Union[go.Figure, plt.Figure]

Raises:

ValueError – invalid plotting backend

pyllelic.visualization._make_binary(data: Optional[List[int]]) → List[int][source]

pyllelic.visualization._make_methyl_df(df: DataFrame, row: str) → DataFrame[source]

pyllelic.visualization._make_stacked_fig(df: DataFrame, backend: str) → Union[Figure, Figure][source]

Generate a graph figure showing methylated and unmethylated reads across cell lines.

Parameters:

df (pd.DataFrame) – dataframe of individual read data
backend (str) – plotting backend to use

Returns:

plotly or matplotlib figure

Return type:

Union[go.Figure, plt.Figure]

Raises:

ValueError – invalid plotting backend

pyllelic.visualization._make_stacked_mpl_fig(df: DataFrame) → Figure[source]

Generate a graph figure showing methylated and unmethylated reads across cell lines.

Parameters:: df (pd.DataFrame) – dataframe of individual read data
Returns:: matplotlib figure
Return type:: plt.Figure

pyllelic.visualization._make_stacked_plotly_fig(df: DataFrame) → Figure[source]

Generate a graph figure showing methylated and unmethylated reads across cell lines.

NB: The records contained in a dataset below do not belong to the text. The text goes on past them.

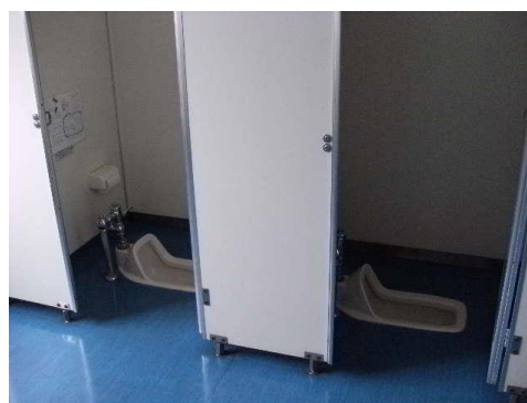
トイレ(洋式化・悪臭対策)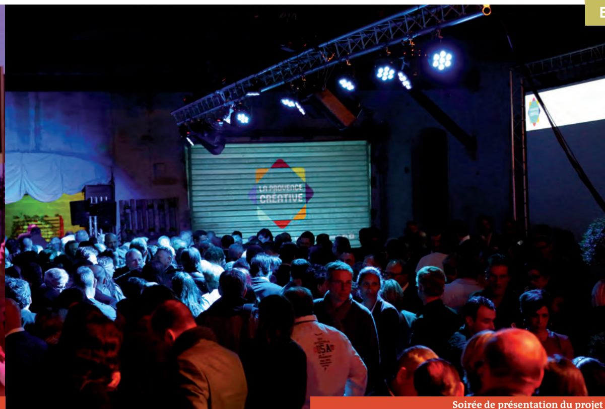
Soirée de présentation du projet

Gardez l'œil, le Camion numérique devrait débarquer avant 2018 !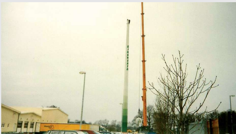
1997 – erste Windkraftanlage in Beelen

Die Übernahme der Firma ARS, Niederfrohna (ehemals Samson in Warendorf).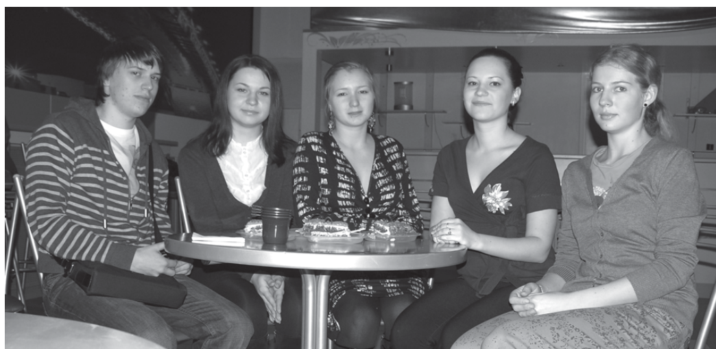
Дружная команда создателей фильма «Всемогущий менеджмент»

И, завершая наш рассказ, необходимо сказать, что выпуском диска, содержащего видеорассказы студентов о своих будущих профессиях, эта работа закончена не будет. Совсем скоро аналогичный конкурс будет объявлен для старшеклассников всей области – пусть тоже пофантазируют на темы о том, как они представляют профессию, которые намерены постигать, когда станут студентами нашего университета.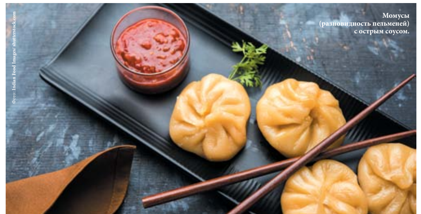
Момусы (разновидность пельменей) с острым соусом.

В Бутане все блюда подают с овощами – капустой, морковью, кабачками и, конечно, порцией липкого красного риса. Непременно попробуйте якбургер – массивный и сочный сэндвич с мясом яка. Стоит отметить, что мясо бутанцы едят редко, в основном по праздникам, но для туристов делают исключение – могут приготовить и курицу, и свинину, но обязательно с чили.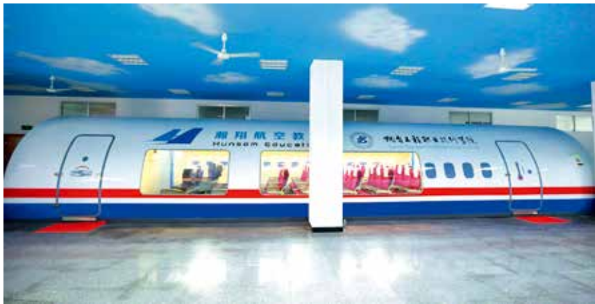
2017年7月8日,国内首个具有《民航乘务技能实训证书》考证功能模块的空乘服务综合训练舱在烟台工程职业技术学院建成并投入使用

【烟台汽车工程职业学院】 学院占地75公顷,建筑面积30.5万平方米,教职工746人。全日制在校生12301人。设汽车制造工程系等9个教学系(部),开设汽车制造与装配技术等34个专业,有省级品牌专业群2个,省级特色专业3个,院级特色专业11个,院级品牌专业3个,省级精品课程16门,院级精品课程61门,院级精品资源共享课程10门,省级教学团队3个,省级教学名师2名,汽车名企培训师20名,山东省突出贡献技师1人,齐鲁首席技师1人,烟台市首席技师1人,烟台市突出贡献技师2人,烟台市技术能手3人。学院建有3.5万平方米的实训中心,校内实训室124处,仪器设备总值8753.32万元,校外实训基地250处。学院先后与北京现代、博世、一汽大众、金岭汽车、巴斯夫、保时捷、戴姆勒、捷豹路虎等42家汽车行业龙头企业建立深度校企合作关系,建立定向班、冠名班,校企携手共同培养高素质技术技能型人才。学院是教育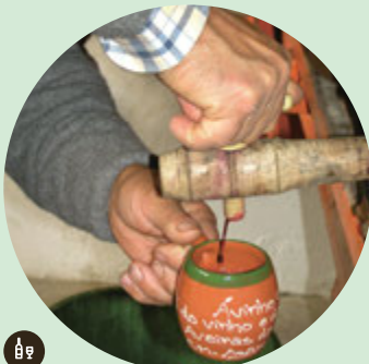
ÁVINHO - Fiesta del Vino y las Bodegas

Un viaje singular por el mundo del vino en un museo vivo en el que los viñedos y bodegas son espacios expositivos donde los productores comparten sus conocimientos orgullosamente.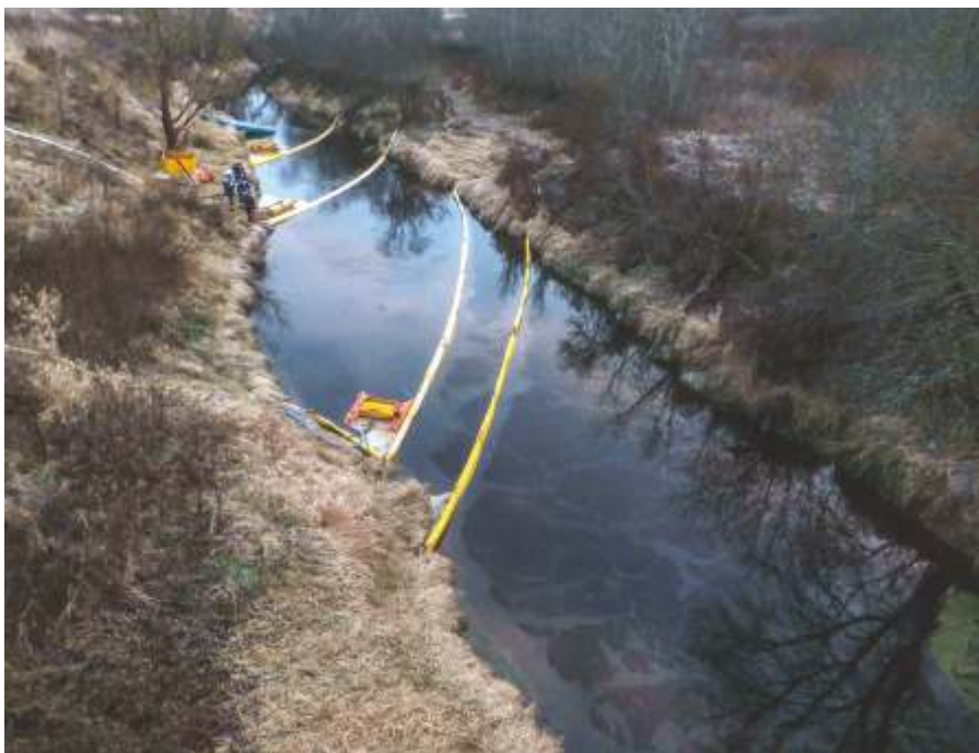
«Устранение нефтепродуктов на реке», Сестрорецк, 2018

Снимок был сделан мною 11 ноября 2014 года с моста через реку Тигоду. Выше этого места в районе поселка Сельцо в реку вылилось дизельное топливо из незаконной врезки в трубопроводе.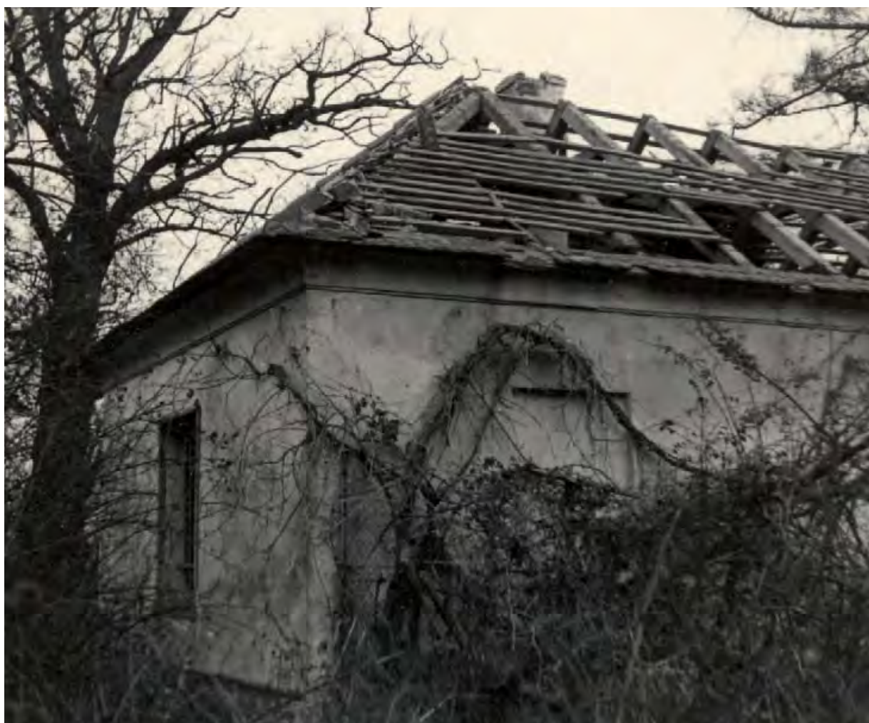
Stav bývalé myslivny v roce 1956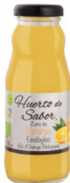
Código: 7356 Zumo de Naranja Ecológico Botella 200 ml EAN13: 8436006917356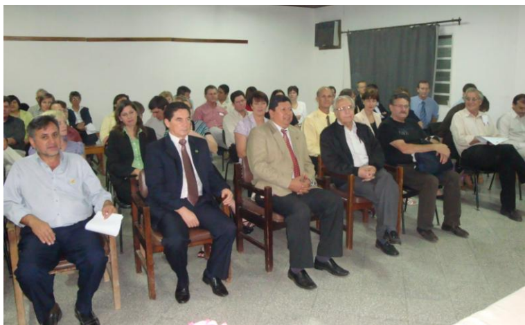
Autoridades y asistentes al evento

El pasado 27 de setiembre, en las instalaciones de la Estación Experimental del Ministerio de Agricultura y Ganadería, Cruce Los Pioneros, asiento de la Sección Chaco Central de la Carrera de Licenciatura en Administración Agropecuaria de la FCA/UNA, se llevó a cabo el acto de clausura del “I Curso de Postgrado de Especialización en Didáctica Universitaria”, iniciado en el mes de marzo del año 2009.

Parameters:: df (pd.DataFrame) – dataframe of individual read data
Returns:: plotly figure
Return type:: go.Figure

pyllelic.main module

pyllelic: module level interface to run pyllelic from the command line.

Example usage:

python -m pyllelic -o my_data -f fh_cellline_tissue.fastq.gz -g hg19chr5 -chr chr5 -s 1293000 -e 1296000 –viz plotly

This command would save pyllelic results in files with the prefix my_data, analyzing the specified fastq file using the specified reference genome, in the genomic region indicated.

pyllelic.__main__.run_pyllelic() → None[source]: Run all processing and analysis steps of pyllelic.